Much of what transpired during the vote-a-rama was kayfabe. Democrats were more or less unified in preserving the integrity of the bill that survived McDonough’s red pen; amendments offered by Democrats mostly lost by wide margins. Meanwhile, Republicans lacked the votes to pass anything so their amendments tended to be trollish and toilsome fliers meant to either own the libs or just annoy the legislators. The one exception involved Senator Krysten Sinema—nominally a lawmaker from Arizona who has in recent years morphed into the private equity industry’s representative in Washington. Sinema’s support was sought for an amendment, introduced by South Dakota Senator John Thune, that would alter the bill’s corporate minimum tax provisions in a way that was advantageous to private equity firms. This necessitated some last-minute tightrope walking from Democratic legislators to sort out. The entire ordeal was an exercise in bewilderment. It’s no wonder that people only call the Senate the “world’s greatest deliberative body” in mockery these days.

The absurdity of the vote-a-rama isn’t that it happens, of course, but that its basic features don’t happen more often. The point of being a lawmaker is to vote on legislation, after all. Everything else—committee hearings, constituent services, press conferences, and so on—can be valuable and important, but it is all subsidiary to actually casting votes on legislation. “Voting on things” is also a good way for elected officials to signal to voters where they stand on the issues, which in turn allows the electorate to make changes if those elected officials vote in ways they don’t like. You can see why so many senators prefer not voting over voting—and why they should be compelled to do it more often. (Albeit with changes to the welter of nonsense rules, not by forcing octogenarians through overnight tests of endurance.)

Once the vote-a-rama is done and the Senate parliamentarian’s judgments stand, a bill becomes a law.
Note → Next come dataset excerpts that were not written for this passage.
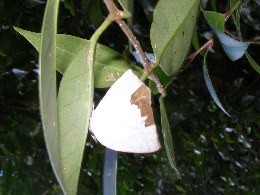 【右】ウラギンシジミが風を避けてテイカカズラの葉の裏にいました。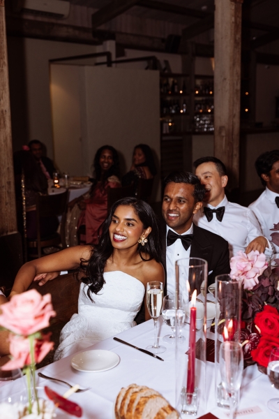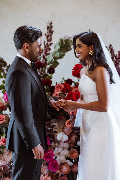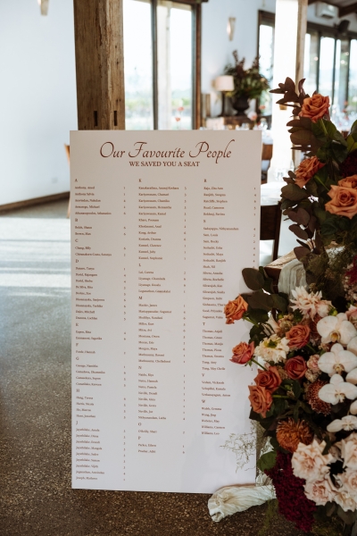 Florals are a huge part of South Asian weddings, so it was important for Dipti and Yasith to have an abundance of fresh flowers. “Red is traditionally the wedding colour of Indian weddings (my culture), and so they were incorporated heavily in our florals and signage. Floss and Fleur, our amazing florist, did an incredible job with our lush flowers and gorgeous reception backdrop. She also worked with us to ensure that our signage was written in both English, Tamil and Sinhalese to incorporate our Australian, Sri Lankan and Tamil backgrounds,” Dipti explained.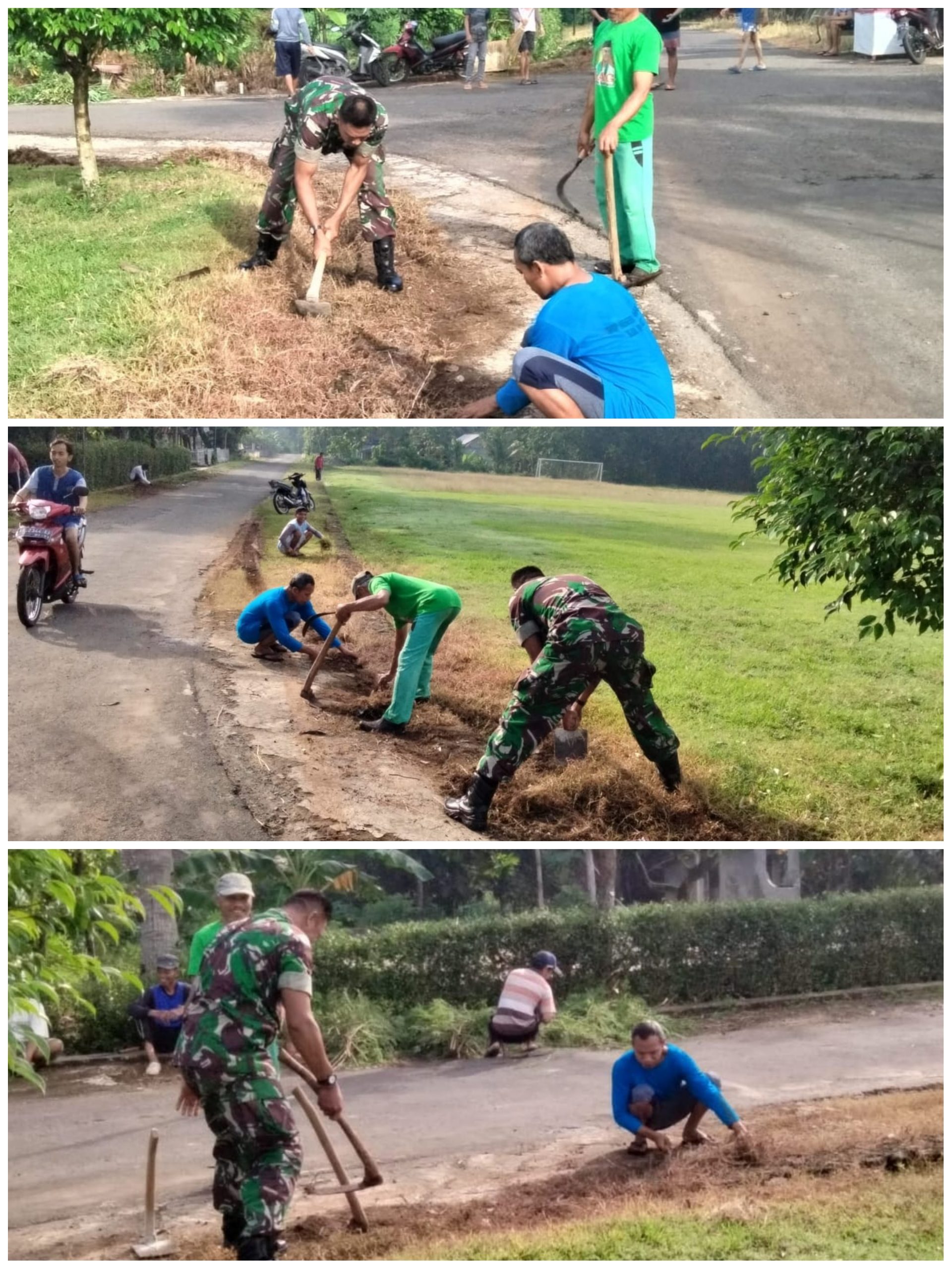 “Jalan ini mulai dipenuhi rumput liar, ditambah ranting pohon yang menutupi pandangan pengendara. Jika dibiarkan, kondisi ini bisa meningkatkan risiko kecelakaan lalu lintas. Karena itu, kerja bakti ini penting dilakukan,” ungkapnya.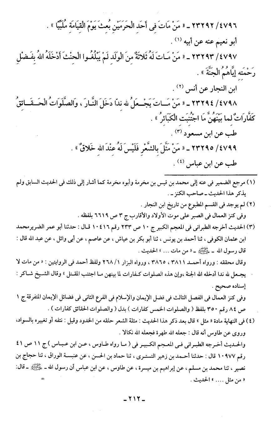 4797/ 23293 - "مَنْ مَاتَ لَهُ ثَلاثَةٌ مِنَ الْوَلَد لَمْ يَبْلُغُوا الْحنْثَ أَدْخَلَهُ اللهُ بفَضْلِ رَحْمَتِهِ إيَّاهُمُ الْجَنَّة".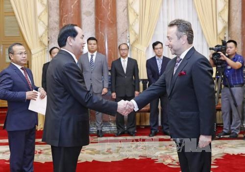 Chủ tịch nước Trần Đại Quang tiếp Ngài Vitezslav Grepl, Đại sứ Đặc mệnh toàn quyền Cộng hoà Czech tại Việt Nam đến trình Quốc thư. Ảnh: Nhan Sáng-TTXVN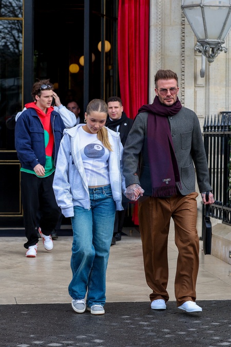 Rodzina Beckhamów opuszcza Hotel La Réserve podczas pokazu mody damskiej jesień/zima 2024–2025 podczas Paris Fashion Week (PFW) w Paryżu, Francja, 1 marca 2024 r. #Rodzina Beckhamów opuszcza Hotel The Reserve jesienią/ Zima 2

But a plethora of questions remain. Why does the Senate parliamentarian have any power at all? Because Democrats chose to pass their legislative package through the budget reconciliation process. Why did they use the budget reconciliation process? Because they only have 50 votes plus Harris’s tiebreaker, and that simple majority is not enough to pass legislation in the modern Senate. Why isn’t a simple majority enough to pass legislation in the modern Senate? Because of the filibuster.

And why, after all of this, is the filibuster still a thing? Because a majority of senators would rather pull all-nighters and allow an unelected congressional employee to shape major legislation than actually cast real votes. And they will continue to do so until voters elect senators who are actually willing to serve in a real legislative chamber rather than bask as incumbents in this hall of procedural mirrors that occasionally meets in the Capitol building.